About Digital Expression Explorer

The compendium is designed to bring biologists closer to large scale gene expression data sets. We have processed thousands of public RNA-seq data sets from a veriety of organisms with open-source bioinformatics tools and make them freely accessible.


About us

The compendium is brought to you by Mark Ziemann (Deakin University) with support from the Epigenetics in Human Health and Disease Laboratory and Monash eResearch Centre. We value your feedback, so feel free to contact us by email (mark.ziemann[at]gmail.com) or raise an issue on our GitHub Repo.


Acknowledgements

A project of this size cannot be done by a single person or team, so we acknowledge support from the following:

Nectar Research Cloud, a collaborative Australian research platform supported by the National Collaborative Research Infrastructure Strategy (NCRIS).

The Multi-modal Australian ScienceS Imaging and Visualisation Environment (MASSIVE).

Deakin eResearch, Monash eResearch Centre and the IT department of Baker Heart and Diabetes Institute.

This research would not have been possible without facilities and help from NCBI. In particular, we acknowledge support from SRA and GEO for curating and hosting these data.


Latest News

12th November 2018 - Ever wondered how accurate DEE2 data actially is? Well we have just undertaken a simulation study and comparison to GEO deposited data to demonstrate the quality of DEE2 data. More details here.

26th October 2018 - Recently there have been many projects with ≥500 SRA runs, meaning that they have not been readily available from the webserver as one file. In order to address this, I've packages SRA projects with ≥200 SRA run numbers into zip files. Only projects with EVERY run processed successfully by DEE2 are included. These are now available here.

7th October 2018 - QC information is now linked in the search results and available by hovering the mouse over the QC link. Note that all the datasets are currently classified as "PASS" but this will be chenging soon. Also we moved to another nectar server with storage so there have been some updates to webserver cgi scripts. Also the keyword search is now case insensitive.

22nd September 2018 - the bulk data dumps are now available via http. Dat turned out to be too slow and unreliable for files of this size.

21st September 2018 - Several small bits of news. Firstly a new domain name server that is working much better than the last one. Still unable to get https working so this will not likely happen while using Nectar servers. Secondly the domain name sever change broke the docker image so it was modified and rebuilt. Thirdly the data processing is progressing steadily with the torrent of new datasets that became visible upon integration with the newest SRAdbV2. Lastly, the R interface hs undergone several improvements and should be more robust now. The new documentation has been added (link).

More news

Data processing

Our data processing procedure entails:

  1. -Download from NCBI SRA

  2. -Diagnose sequence format

  3. -Sequence quality trimming and adapter clipping

  4. -Alignment to genome and transcriptome

  5. -Assignment of reads to genes and transcripts

More information regarding the data processing method is available at the GitHub repo.


Reference genome information

The compendium relies on reference genome sequence and annotation information provided by Ensembl Genomes .

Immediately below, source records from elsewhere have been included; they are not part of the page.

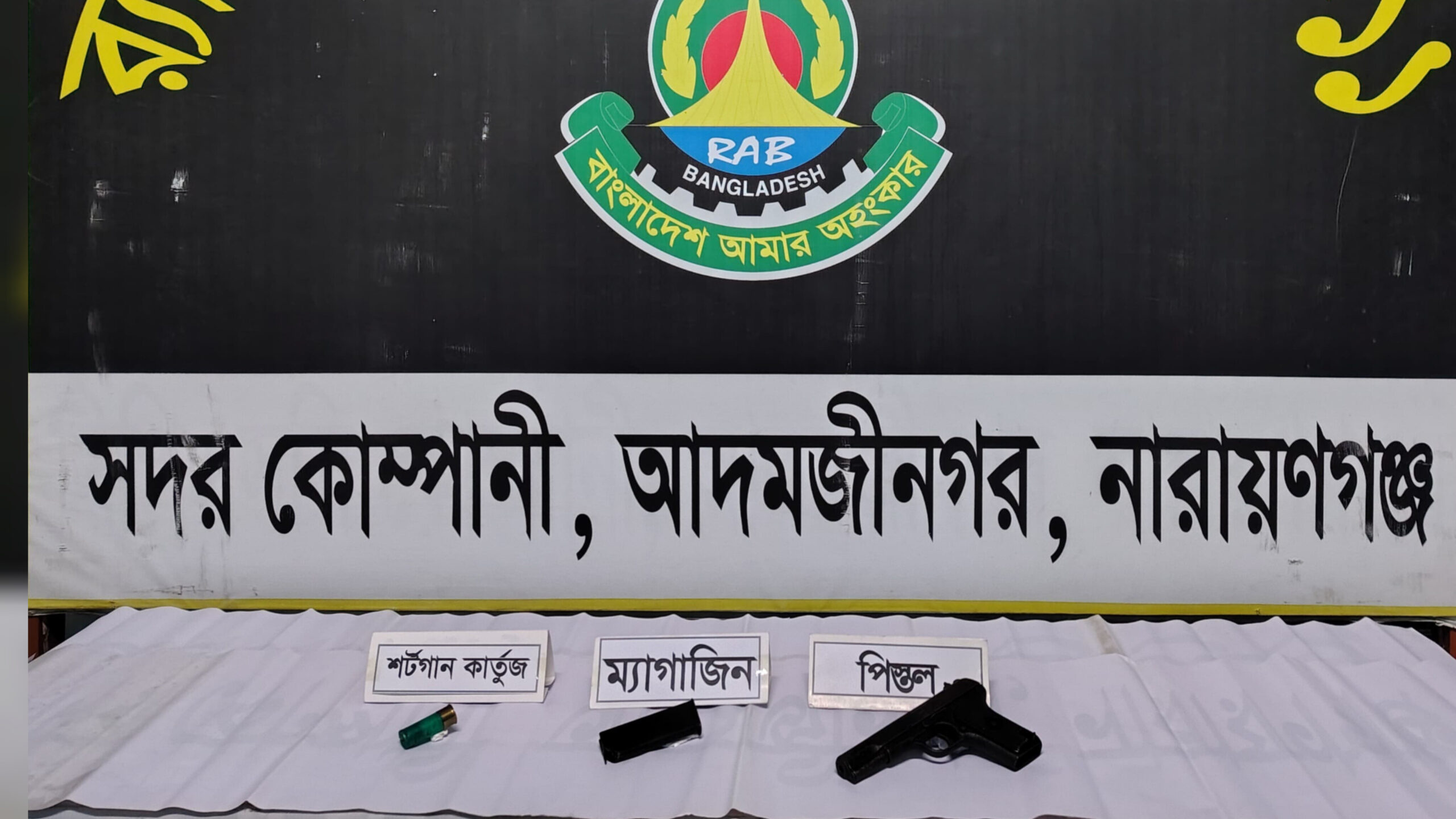 নারায়ণগঞ্জের সিদ্ধিরগঞ্জে থানা থেকে লুট হওয়া একটি বিদেশি পিস্তল ও শর্টগানের গুলি উদ্ধার করেছে র্যাব-১১।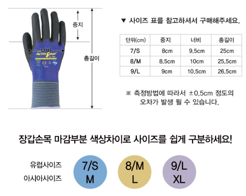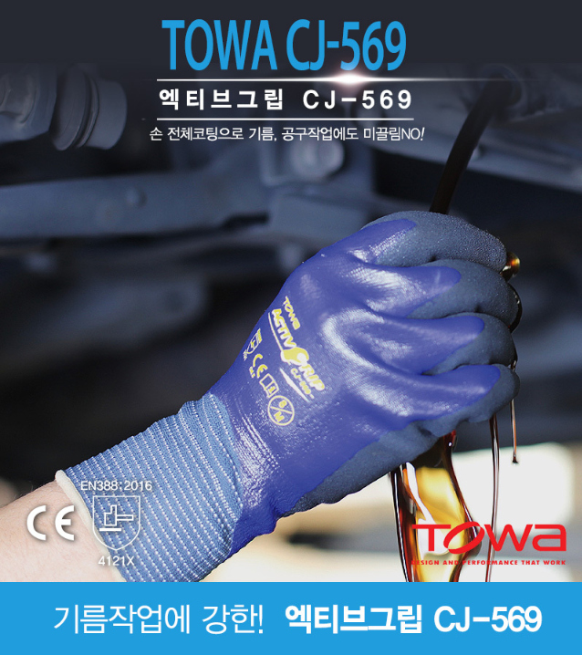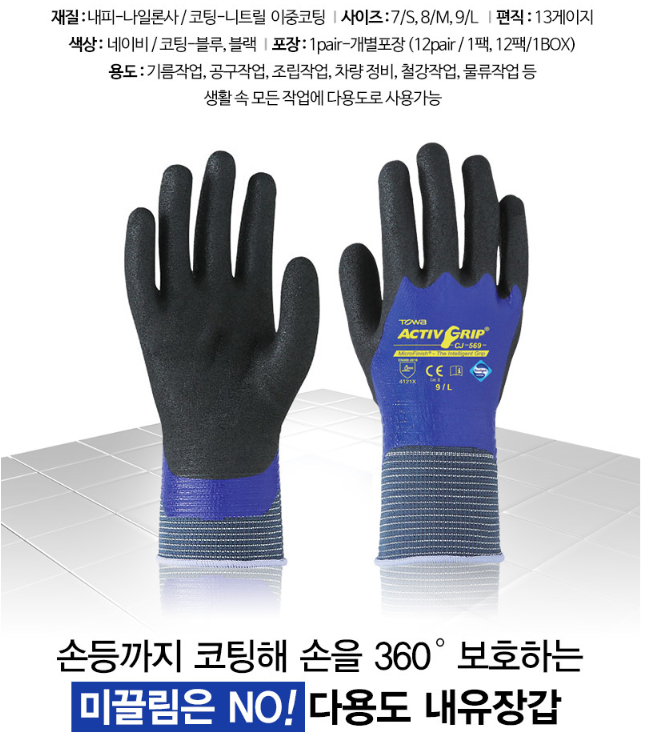 품명 ■ 손 전체코팅으로 기름, 공구작업에도 미끌림이 없음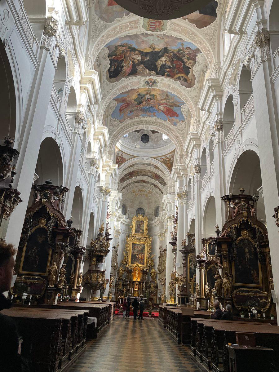 先ほど見た大聖堂の裏側にミサの案内表示がある。時間帯によって説教の言語が変わるらしい。チェコ語、英語とほかのいくつかのヨーロッパ言語だけでなく、フィリピン語という表示もあった。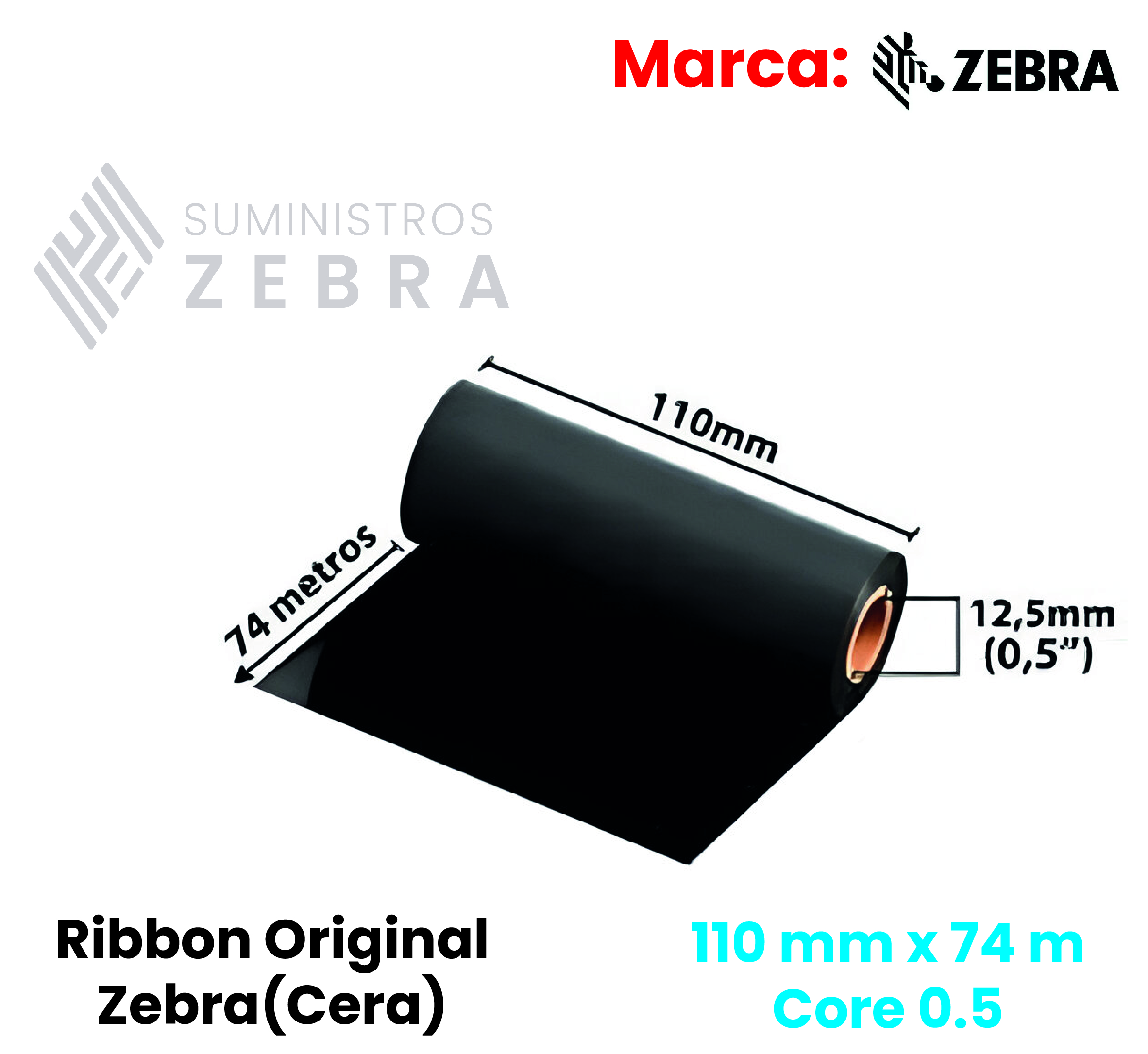Ribbon Original Zebra 110mm X 74m Cera, Core 0.5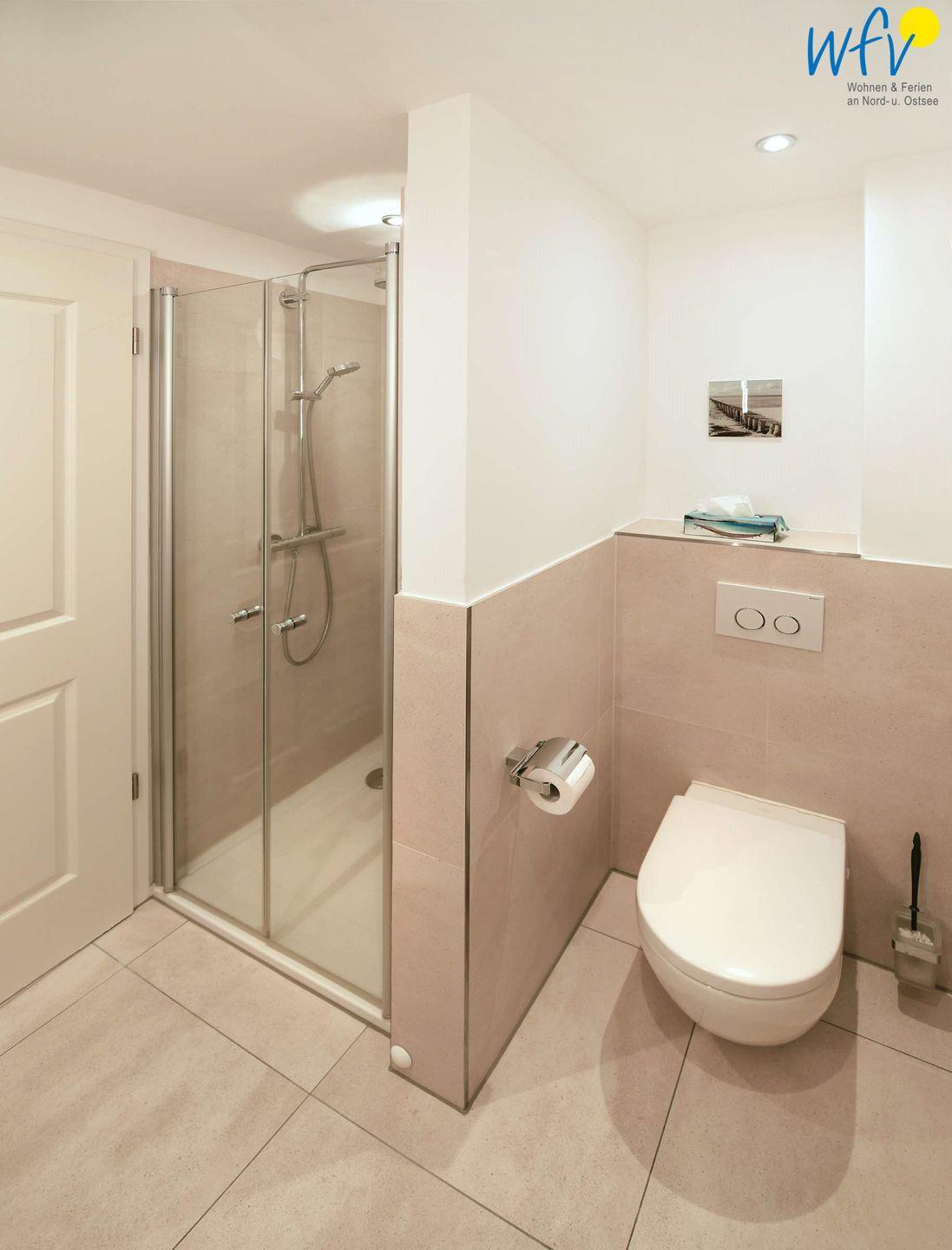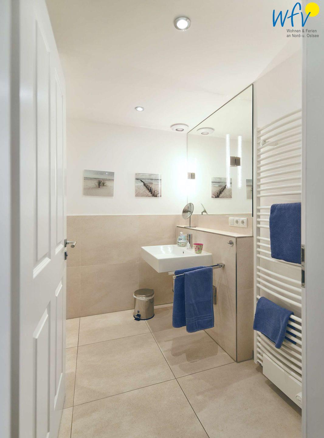 Hohen Wohnkomfort bietet Ihnen auch das moderne Bad mit großer begehbarer Dusche mit Brause und Regenschauerarmatur sowie WC, Waschbecken, großem Spiegel, Handtuchheizkörper und Fußbodenheizung.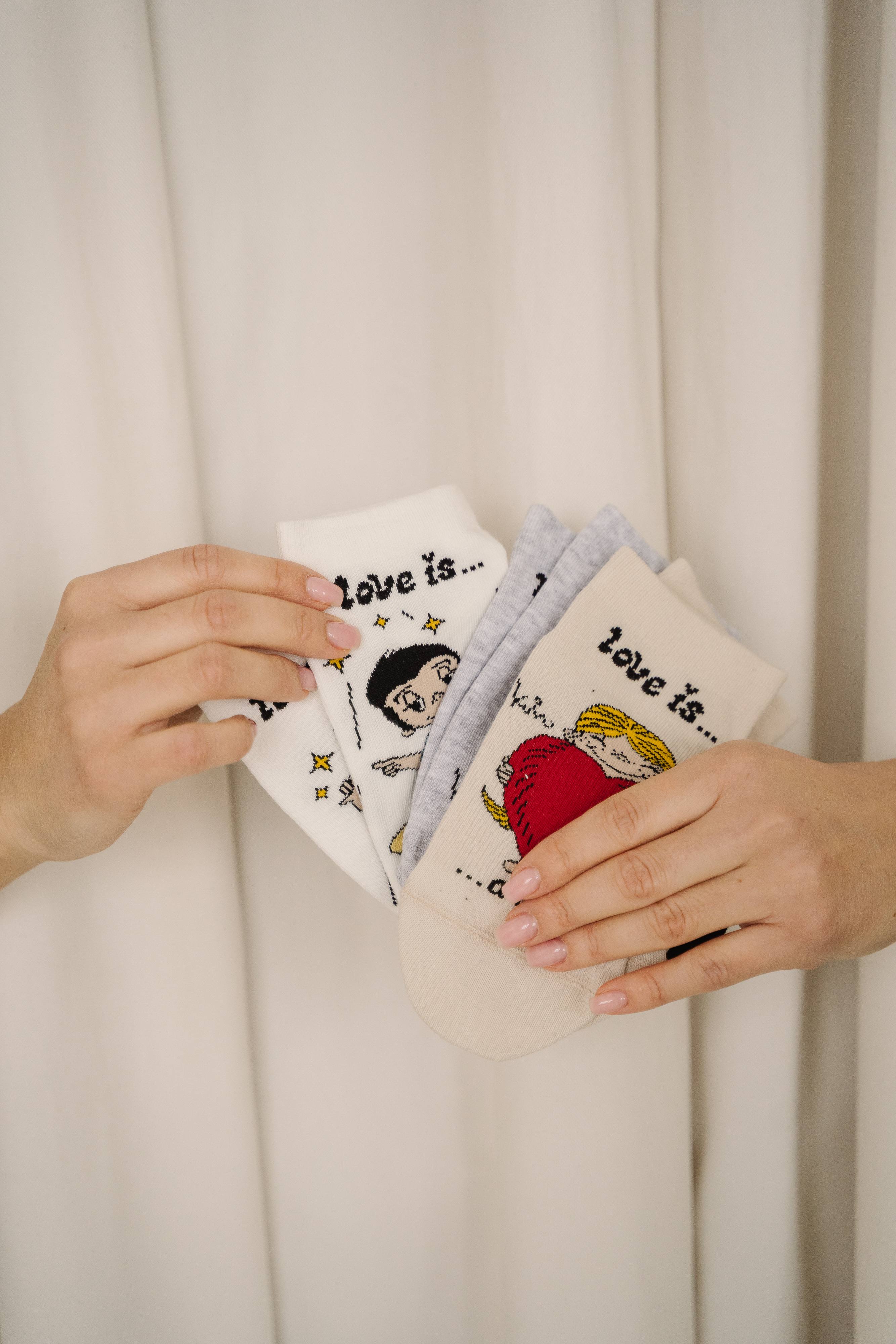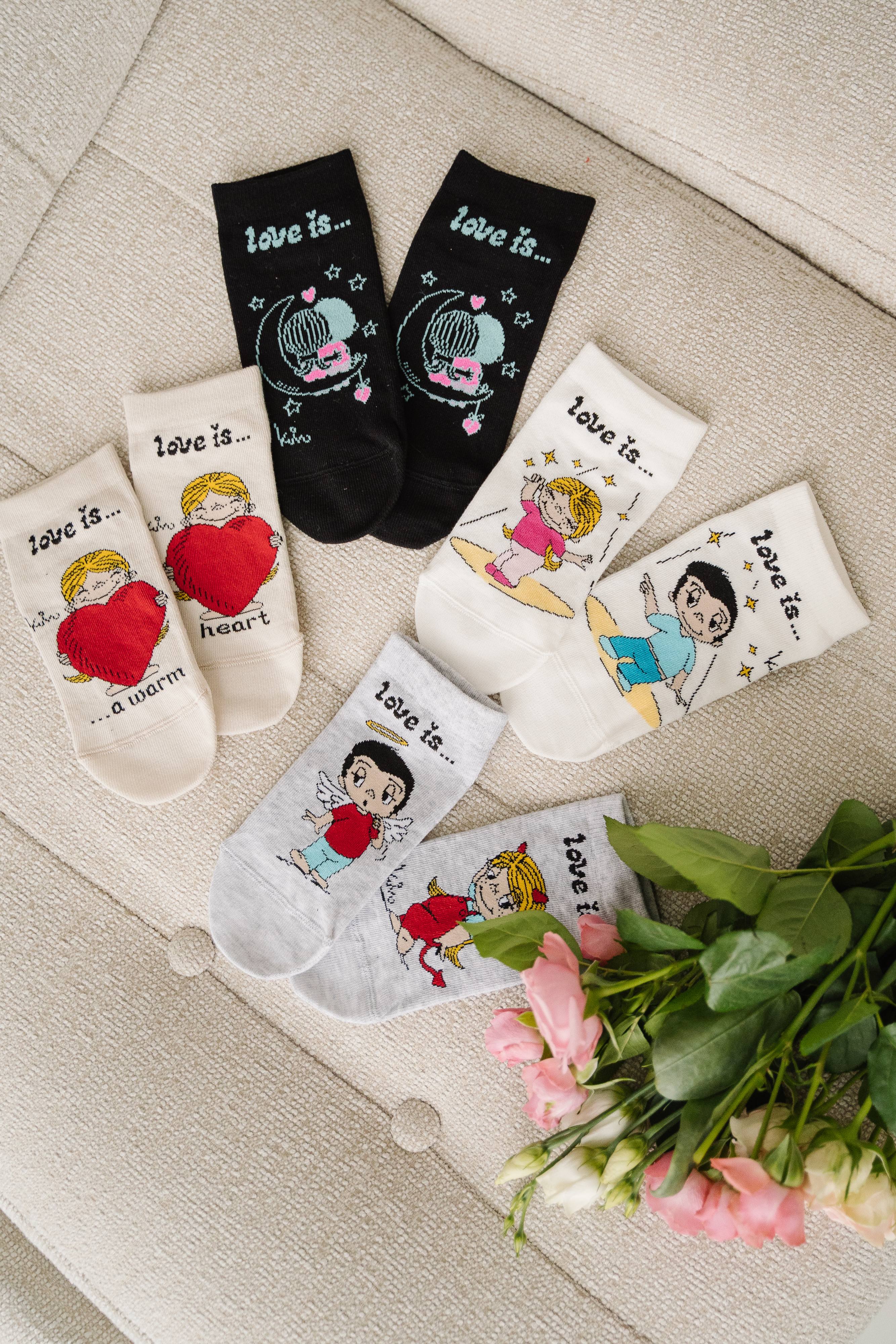 1. Боксы с носочками Love Is... Культовые вкладыши теперь на мягком трикотаже. Это готовый подарок в стильной упаковке для тех, кто ценит эстетику и добрые эмоции. Кстати, в коробочку «Love Is» можно вложить не только носочки этой серии, но и другие небольшие товары с полок наших магазинов — соберите свой уникальный бокс.

Species Genome Reference Sequence and Annotation
Arabidopsis thaliana Arabidopsis_thaliana.TAIR10.dna_sm.toplevel.fa.gz
Ensembl release 36
Caenorhabditis elegans Caenorhabditis_elegans.WBcel235.dna_sm.toplevel.fa.gz
Ensembl release 90
Drosophila melanogaster Drosophila_melanogaster.BDGP6.dna_sm.toplevel.fa.gz
Ensembl release 90
Danio rerio Danio_rerio.GRCz10.dna_sm.toplevel.fa.gz
Ensembl release 90
Escherichia coli Escherichia_coli_str_k_12_substr_mg1655.ASM584v2.dna_sm.chromosome.Chromosome.fa.gz
Ensembl release 36
Homo sapiens Homo_sapiens.GRCh38.dna_sm.primary_assembly.fa.gz
Ensembl release 90
Mus musculus Mus_musculus.GRCm38.dna_sm.primary_assembly.fa.gz
Ensembl release 90
Rattus norvegicus Rattus_norvegicus.Rnor_6.0.dna_sm.toplevel.fa.gz
Ensembl release 90
Saccharomyces cerevisiae Saccharomyces_cerevisiae.R64-1-1.dna_sm.toplevel.fa.gz
Ensembl release 36

Update schedule

New datasets deposited to SRA will be incorporated into the compendium fortnightly. Upon release of an updated genome build, we intend to update the data for that organism within a year, keeping a previously archived version for bulk download only. Gene annotation sets will not be updated independent of the genome build.